What you are asked to do
A verbatim copy is needed of the lines below from the one containing "- 【Universal Stainless" up to and including the one containing "- Save your", excluding pictures.

Task inputs

--------

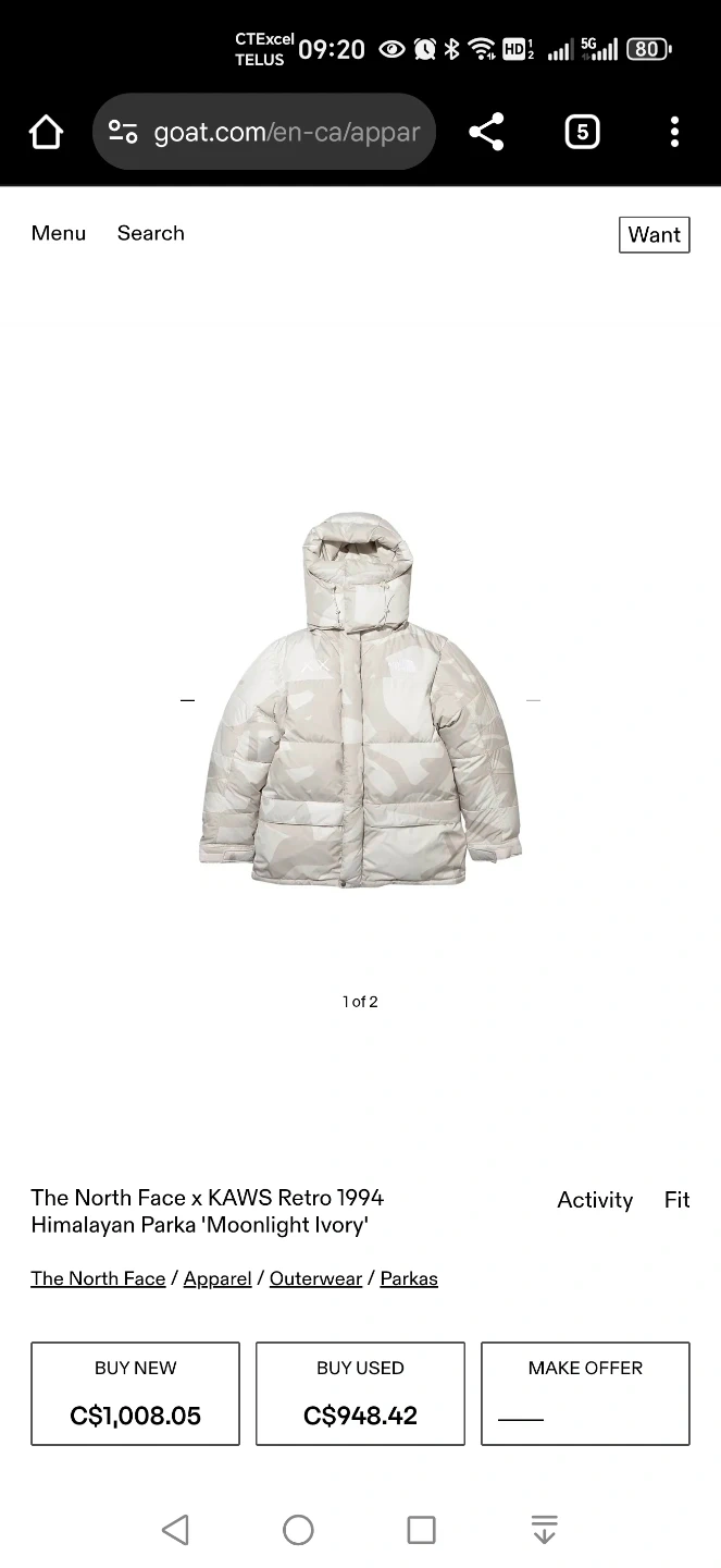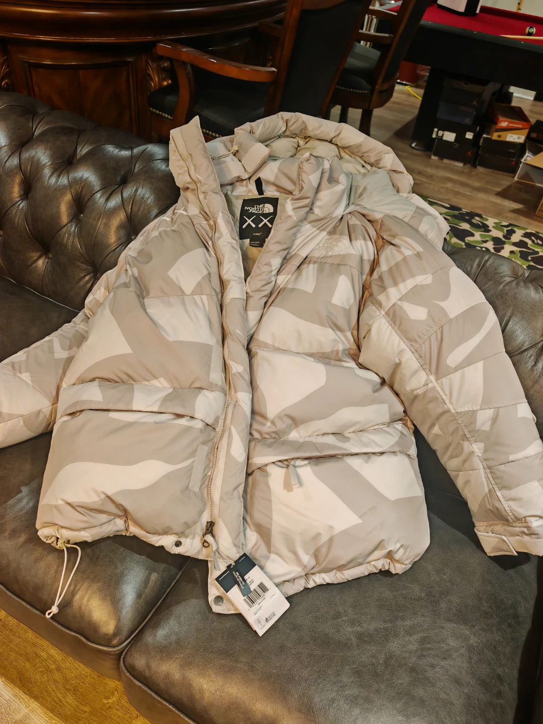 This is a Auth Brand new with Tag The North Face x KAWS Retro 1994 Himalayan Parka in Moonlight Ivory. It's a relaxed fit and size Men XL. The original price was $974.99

--------

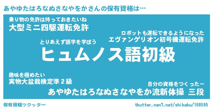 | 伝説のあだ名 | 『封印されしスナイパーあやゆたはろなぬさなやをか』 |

--------

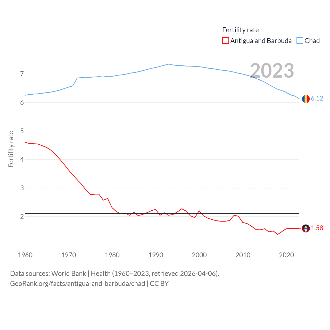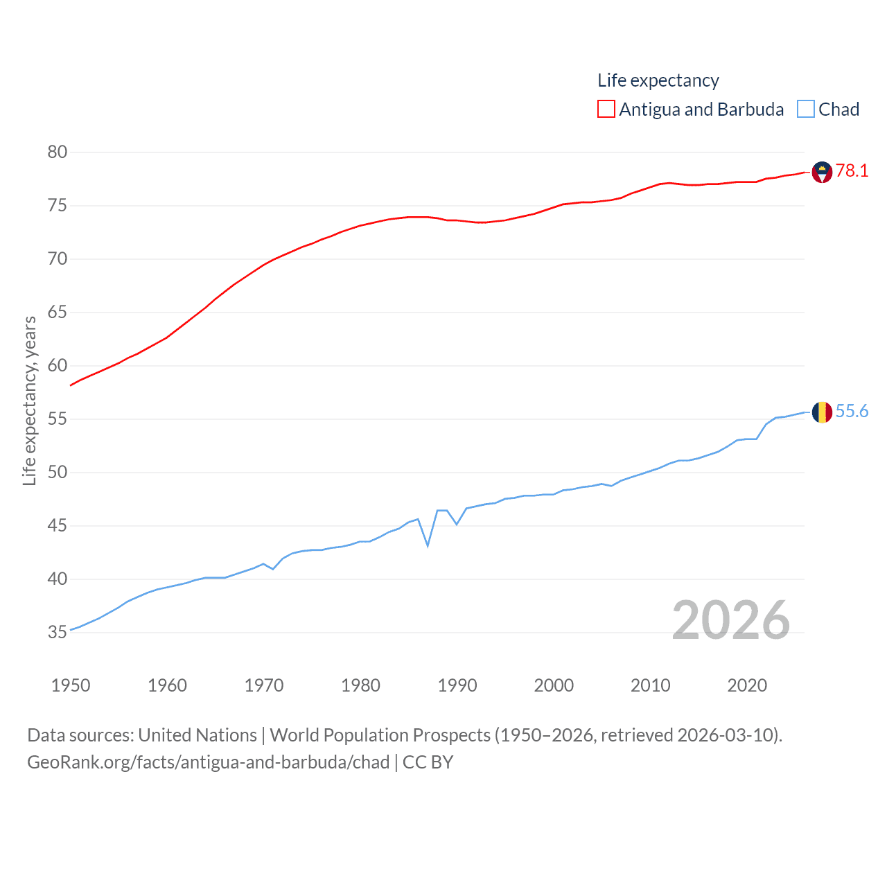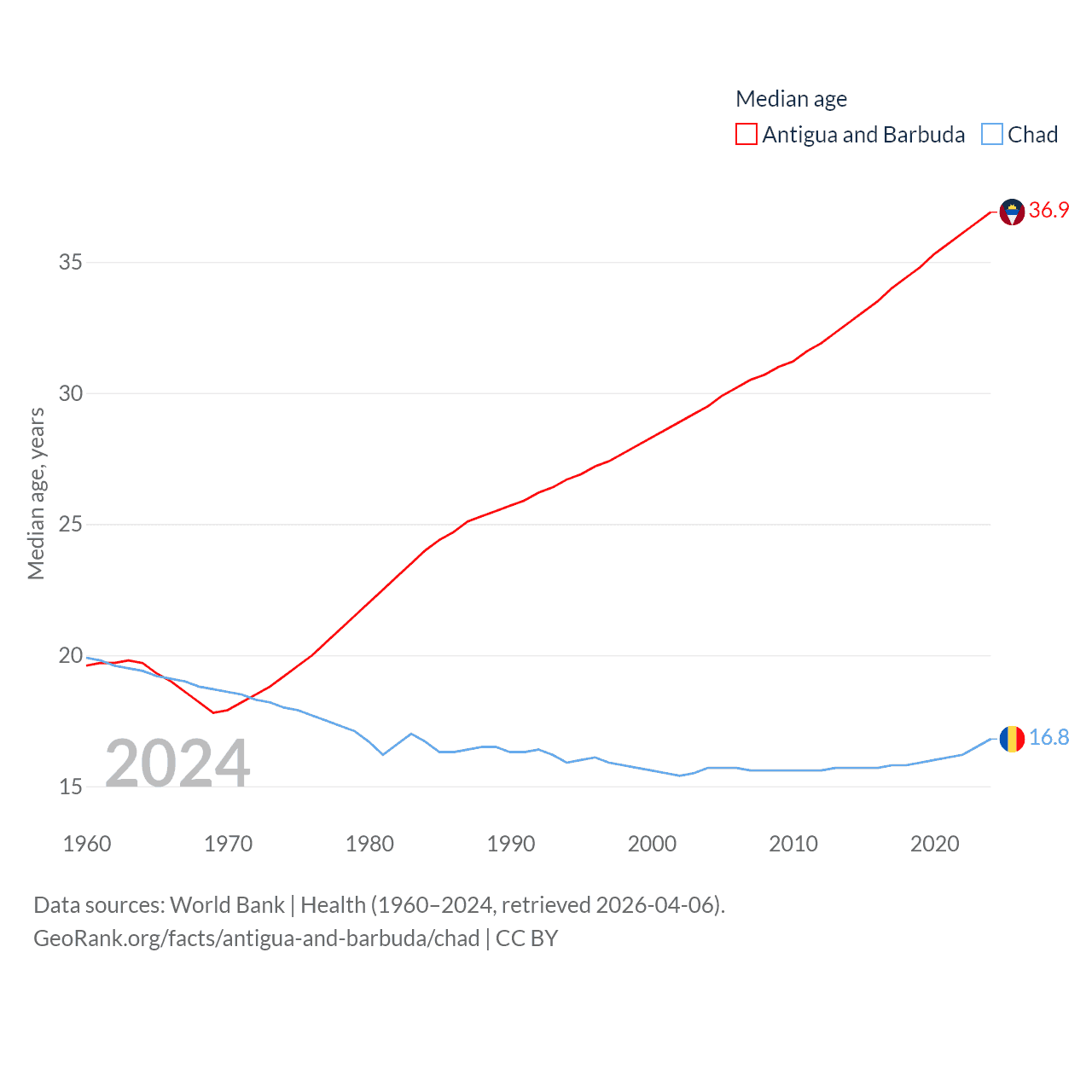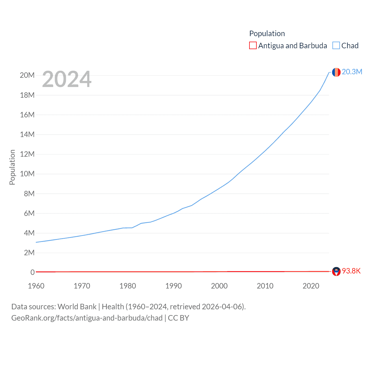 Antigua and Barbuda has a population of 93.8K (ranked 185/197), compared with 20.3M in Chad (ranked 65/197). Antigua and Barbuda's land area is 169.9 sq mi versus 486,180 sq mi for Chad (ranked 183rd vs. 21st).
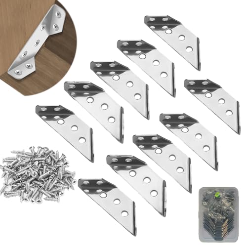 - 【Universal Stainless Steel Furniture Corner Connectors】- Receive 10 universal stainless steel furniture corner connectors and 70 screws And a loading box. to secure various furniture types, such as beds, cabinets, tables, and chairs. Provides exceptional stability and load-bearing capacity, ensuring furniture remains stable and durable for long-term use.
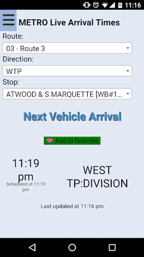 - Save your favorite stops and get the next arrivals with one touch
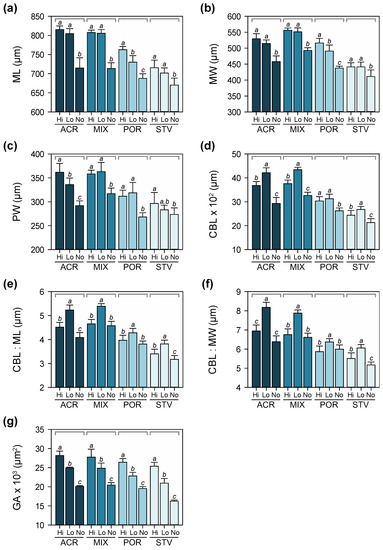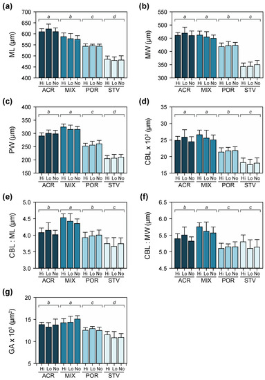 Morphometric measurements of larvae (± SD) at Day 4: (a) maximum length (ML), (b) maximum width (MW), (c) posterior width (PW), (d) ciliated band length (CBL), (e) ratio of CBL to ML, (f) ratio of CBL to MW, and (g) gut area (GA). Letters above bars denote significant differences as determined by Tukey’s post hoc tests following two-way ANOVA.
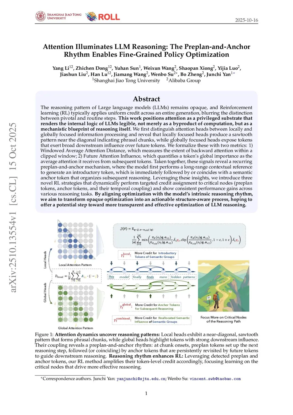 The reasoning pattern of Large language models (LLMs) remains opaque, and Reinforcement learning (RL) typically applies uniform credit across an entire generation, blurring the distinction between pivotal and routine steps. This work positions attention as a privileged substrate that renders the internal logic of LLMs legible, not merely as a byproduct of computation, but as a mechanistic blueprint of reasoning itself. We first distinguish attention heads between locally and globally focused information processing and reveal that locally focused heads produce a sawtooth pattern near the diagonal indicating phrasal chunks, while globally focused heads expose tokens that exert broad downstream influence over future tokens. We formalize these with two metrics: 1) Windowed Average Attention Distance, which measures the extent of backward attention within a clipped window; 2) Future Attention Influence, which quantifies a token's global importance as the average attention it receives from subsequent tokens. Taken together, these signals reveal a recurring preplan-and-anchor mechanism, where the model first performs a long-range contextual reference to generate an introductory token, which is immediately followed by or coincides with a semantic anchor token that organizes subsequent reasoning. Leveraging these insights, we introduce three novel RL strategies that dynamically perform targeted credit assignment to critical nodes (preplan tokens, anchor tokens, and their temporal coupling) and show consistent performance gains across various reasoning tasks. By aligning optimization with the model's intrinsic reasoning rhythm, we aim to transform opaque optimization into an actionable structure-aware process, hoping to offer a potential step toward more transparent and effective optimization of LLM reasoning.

--------

Answer box
 - 【Universal Stainless Steel Furniture Corner Connectors】- Receive 10 universal stainless steel furniture corner connectors and 70 screws And a loading box. to secure various furniture types, such as beds, cabinets, tables, and chairs. Provides exceptional stability and load-bearing capacity, ensuring furniture remains stable and durable for long-term use.
 - Save your favorite stops and get the next arrivals with one touch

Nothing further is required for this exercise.